Let’s say two independent populations follow distributions $\left( \mu_{1} , \sigma_{1}^{2} \right)$ and $\left( \mu_{2} , \sigma_{2}^{2} \right)$ , respectively. In the case of a large sample, meaning the sample size is $n_{1} , n_{2} > 30$ , the hypothesis test about the difference between the two population means against candidate $D_{0}$ is as follows:

$H_{0}$ : $\mu_{1} - \mu_{2} = D_{0}$ . That is, the difference in population means is $D_{0}$ .
$H_{1}$ : $\mu_{1} - \mu_{2} = D_{0}$ . That is, the difference in population means is not $D_{0}$ .

test statistic

The test statistic is calculated slightly differently depending on whether the population standard deviation $\sigma_{1}, \sigma_{2}$ is known or not.

When $\sigma_{1} , \sigma_{2}$ is known: Use the population standard deviation $\sigma_{1} , \sigma_{2}$ as it is. $Z = {{ \left( \overline{X}_{1} - \overline{X}_{2} \right) - D_{0} } \over { \sqrt{ {{ \sigma_{1}^{2} } \over { n_{1} }} + {{ \sigma_{2}^{2} } \over { n_{2} }} } }}$
When $\sigma_{1}, \sigma_{2}$ is unknown: Use the sample standard deviation $s_{1}, s_{2}$ as follows. $Z = {{ \left( \overline{X}_{1} - \overline{X}_{2} \right) - D_{0} } \over { \sqrt{ {{ s_{1}^{2} } \over { n_{1} }} + {{ s_{2}^{2} } \over { n_{2} }} } }}$

Explanation

Probably $D_{0}$ is mostly used for $0$ , because in many cases, the crucial part one wants to know is ‘whether the two distributions have the same population mean’ rather than ‘how exact is the difference’. The most complex-looking part in the form of the test statistic is the denominator $\sqrt{ {{ \sigma_{1}^{2} } \over { n_{1} }} + {{ \sigma_{2}^{2} } \over { n_{2} }} }$ , which becomes fun to study once you learn its derivation after studying Mathematical Statistics.

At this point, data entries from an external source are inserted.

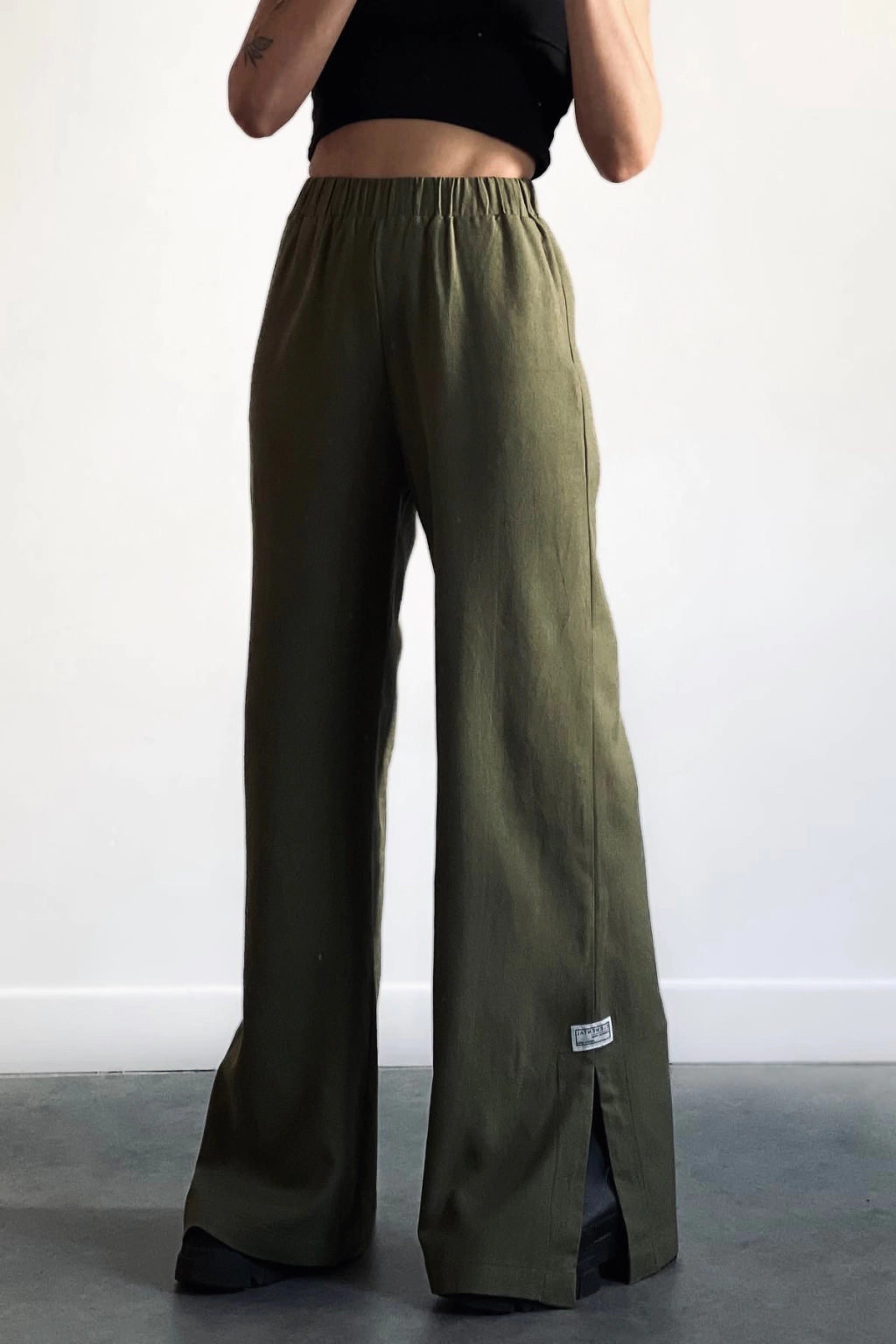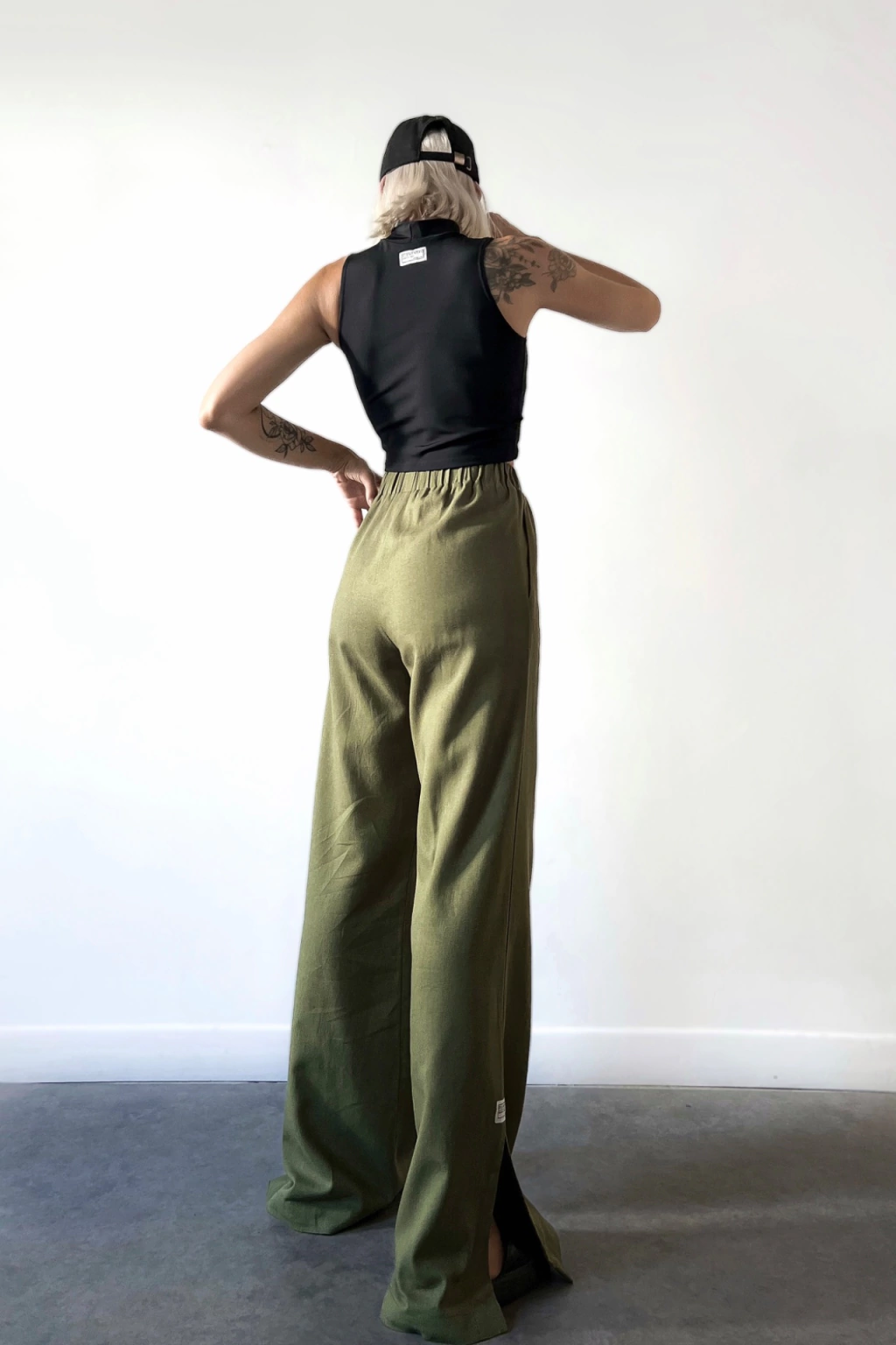 Pantalón wide de lino pantalonero. Tiro bien alto y cintura mega cómoda y adaptable con elástico interno, bolsillos diagonales sastreros amplios y detalle de tajo con vista interna en el lateral externo de la pierna. De tela plana, rígida y sin rebote, con buena caída y grosor. CÓMODO, CANCHERO, RELAJADO Y ELEGANTE. Súper versátil, es perfecto tanto para looks de día como de noche.
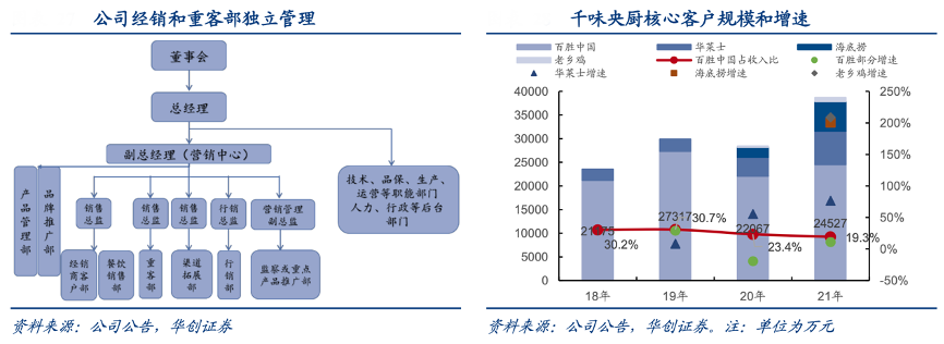 經(jīng)典案例:根據(jù)公司公告、華創(chuàng)證券等綜合資訊表明,千味央廚成立對(duì)接大客戶(hù)的內(nèi)部小組,董事長(zhǎng)和總經(jīng)理為小組負(fù)責(zé)人,營(yíng)銷(xiāo)部門(mén)單獨(dú)設(shè)立重客部,確??焖夙憫?yīng)大客戶(hù)的需求,在具體開(kāi)發(fā)過(guò)程中,公司梳理各餐飲消費(fèi)場(chǎng)景的頭部客戶(hù),自上而下從 TOP3 向 TOP10 拓展新客戶(hù),并成立包括市場(chǎng)、研發(fā)、商務(wù)等專(zhuān)項(xiàng)小組,由專(zhuān)項(xiàng)組與客戶(hù)溝通定向解決問(wèn)題,如千味憑借產(chǎn)品質(zhì)量與成本控制,同 KFC 合作30個(gè)SKU,油條、撻皮供應(yīng)份額分別高達(dá)100%、80%。
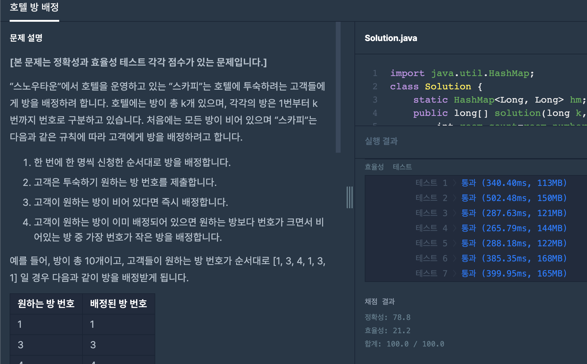 - 고객이 원하는 방이 이미 배정되어 있으면 원하는 방보다 번호가 크면서 비어있는 방 중 가장 번호가 작은 방을 배정합니다.
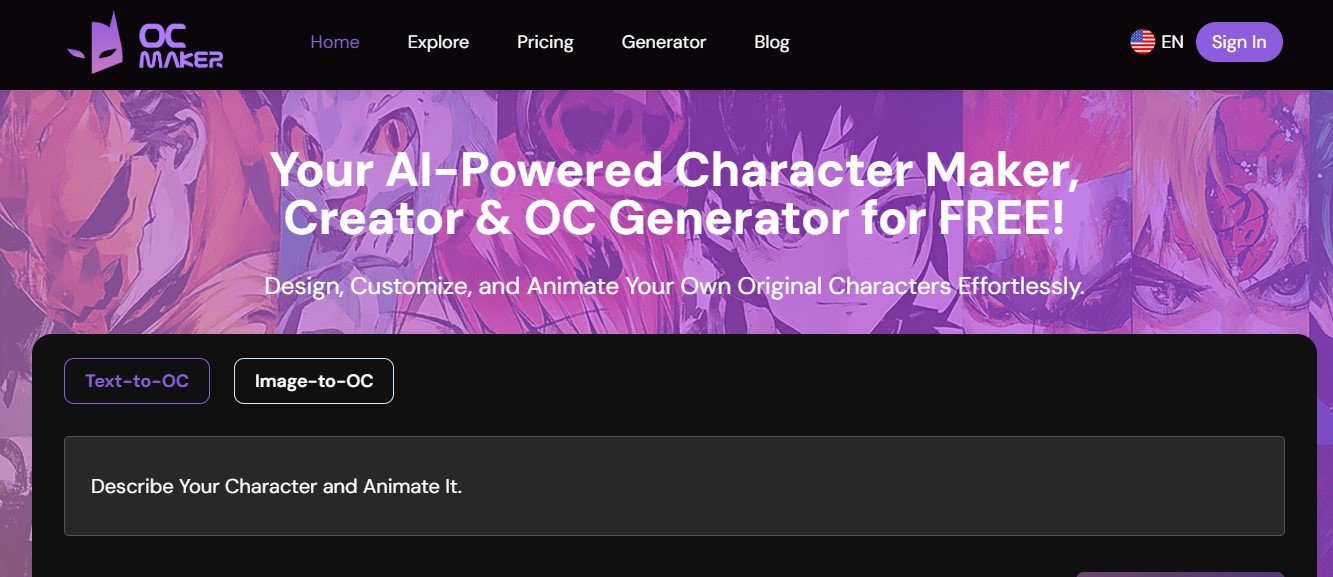 OC Maker is an AI-powered character creator that allows users to design and animate original characters (OCs) from text prompts. Users can describe their character’s appearance, personality, and style, and the AI generates customized visuals and animations. The platform offers multiple art styles, from anime to cartoon, making it ideal for storytellers, artists, and game developers.
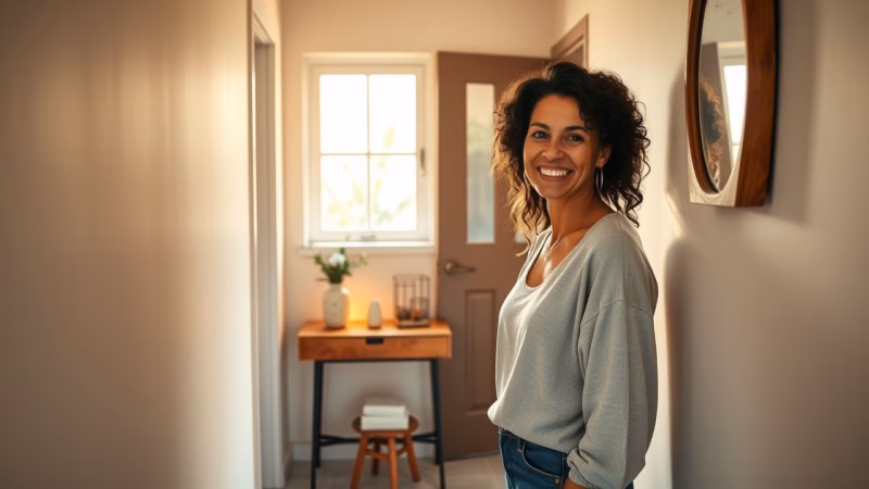 Um hall de entrada pequeno, bem iluminado e convidativo, com uma mulher sorrindo ao entrar.
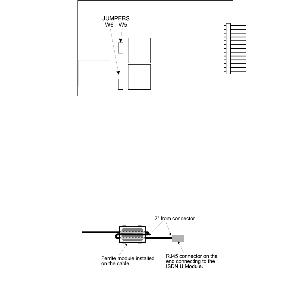 connected to the ISDN U Module. The Ferrite module must be installed approximately two
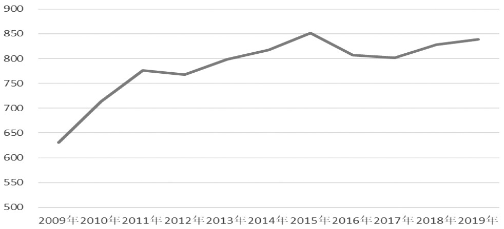 美国服装进口金额在10年间也整体呈增长趋势,2019年美国服装进口额838亿美元,较2009年的631亿美元增长32.8%。
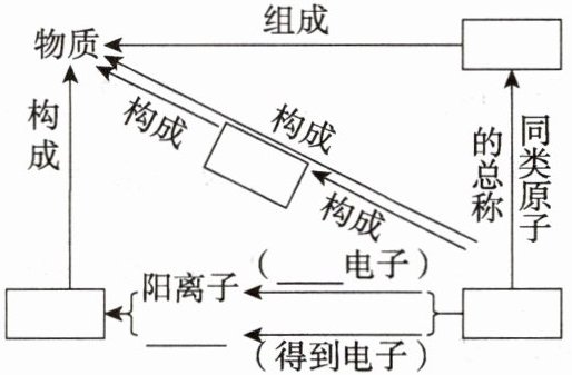 5. 思考物质、分子、原子、离子、元素的关系,并填写下图中的空白及相关习题。
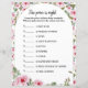 Baby shower spel "De prijs is goed" Raad de prijzen van deze baby essentials. Degene die het dichtst bij de echte waarde komt, wint. Het Baby shower Game-papierblad is voorzien van schattige waterverf-rozen.
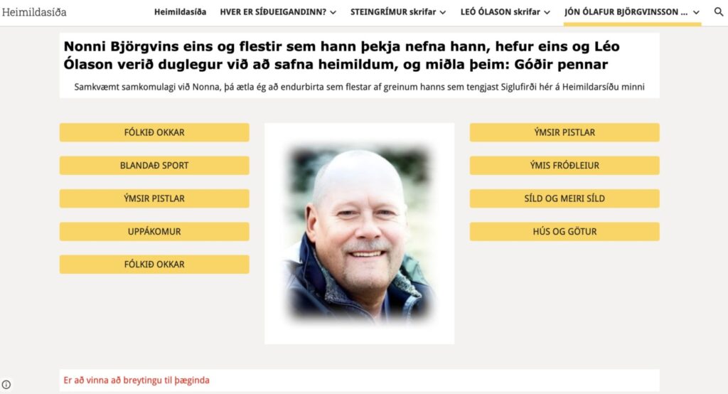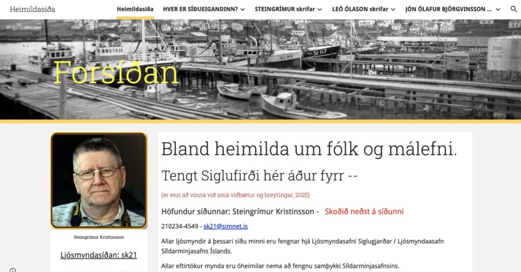 Í fyrra haust tilkynnti hann mér að hann ætlaði fara að vinna í því að færa mikið af mínum gömlu greinum frá bæði siglo.is og trölli.is yfir á heimildasíðuna sína. Ég var svona aðeins að vara hann við þessu mikla verkefni og að þetta tæki líklega mikinn tíma frá honum og mikið pláss á heimildasíðunni hans. Steingrímur svaraði um hæl, þetta er ekkert mál, ég er með 5 terabyte geymslurými og ég hef bara gaman af þessu grúski, þetta heldur mér lifandi.
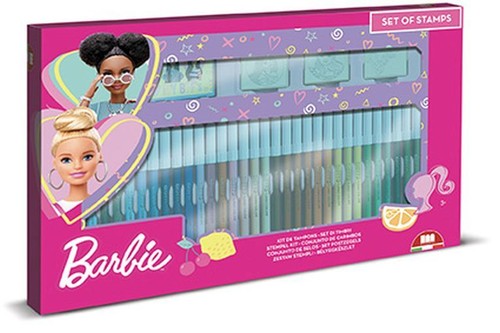 W skład zestawu wchodzą: 3 drewniano-gumowe pieczątki, 1 poduszeczka do tuszu, 36 pisaków oraz książeczka z aktywnościami.

Unfortunately, freshmen have to memorize it.

Derivation

Central Limit Theorem: If $\left\{ X_{k} \right\}_{k=1}^{n}$ are iid random variables following the distribution $\left( \mu, \sigma^2 \right)$ , then when $n \to \infty$ $\sqrt{n} {{ \overline{X} - \mu } \over {\sigma}} \overset{D}{\to} N (0,1)$

Since we assume a large sample from both populations, regardless of the population distribution, $\overline{X}_{1}, \overline{X}_{2}$ follows the normal distribution according to the Central Limit Theorem. $\begin{align*} \overline{X}_{1} =& {{ 1 } \over { n_{1} }} \sum_{k=1}^{n_{1}} X_{1} \sim N \left( \mu_{1} , {{ \sigma_{1}^{2} } \over { n_{1} }} \right) \\ \overline{X}_{2} =& {{ 1 } \over { n_{2} }} \sum_{k=1}^{n_{2}} X_{2} \sim N \left( \mu_{2} , {{ \sigma_{2}^{2} } \over { n_{2} }} \right) \end{align*}$

Sum of Normal Distributions: Let’s say the random variables $X_{1} , \cdots , X_{n}$ are mutually independent.
If $X_i \sim N( \mu_{i}, \sigma_{i}^{2} )$ then given vector $(a_{1} , \cdots , a_{n}) \in \mathbb{R}^{n}$ $\displaystyle \sum_{i=1}^{n} a_{i} X_{i} \sim N \left( \sum_{i=1}^{n} a_{i } \mu_{i} , \sum_{i=1}^{n} a_{i }^2 \sigma_{i}^2 \right)$

Given vector $\left( a_{1} , a_{2} \right) = (1, -1) \in \mathbb{R}^{2}$ $\begin{align*} \overline{X}_{1} - \overline{X}_{2} =& a_{1} \overline{X}_{1} + a_{2} \overline{X}_{2} \\ \sim& N \left( \sum_{i=1}^{2} a_{i } \mu_{i} , \sum_{i=1}^{2} a_{i }^2 \sigma_{i}^2 \right) \\ \sim& N \left( \mu_{1} - \mu_{2} , 1^{2} \cdot {{ \sigma^{2} } \over { n_{1} }} + (-1)^{2} \cdot {{ \sigma^{2} } \over { n_{2} }} \right) \end{align*}$ thus under the null hypothesis $H_{0} : \mu_{1} - \mu_{2} = D_{0}$ $Z = {{ \left( \overline{X}_{1} - \overline{X}_{2} \right) - D_{0} } \over { \sqrt{ {{ \sigma_{1}^{2} } \over { n_{1} }} + {{ \sigma_{2}^{2} } \over { n_{2} }} } }} \sim N \left( 0, 1 \right)$ follows a distribution almost approximated to the standard normal distribution $N (0,1)$ . Similarly, in the case of a large sample $s \approx \sigma$ , when the population variance is unknown, it’s acceptable to use $s$ instead of $\sigma$ . When the random variable $Y$ follows the standard normal distribution, for the significance level $\alpha$ , rejecting $H_{0}$ when $P \left( Y \ge z_{\alpha} \right) = \alpha$ for $z_{\alpha}$ is equivalent to the following. $\left| Z \right| \ge z_{\alpha}$ This means that it’s too implausible to believe in $\mu_{1} - \mu_{2} = D_{0}$ under the null hypothesis, as $\overline{X}_{1} - \overline{X}_{2}$ is too far from $D_{0}$ .

■

Mendenhall. (2012). Introduction to Probability and Statistics (13th Edition): p363. ↩︎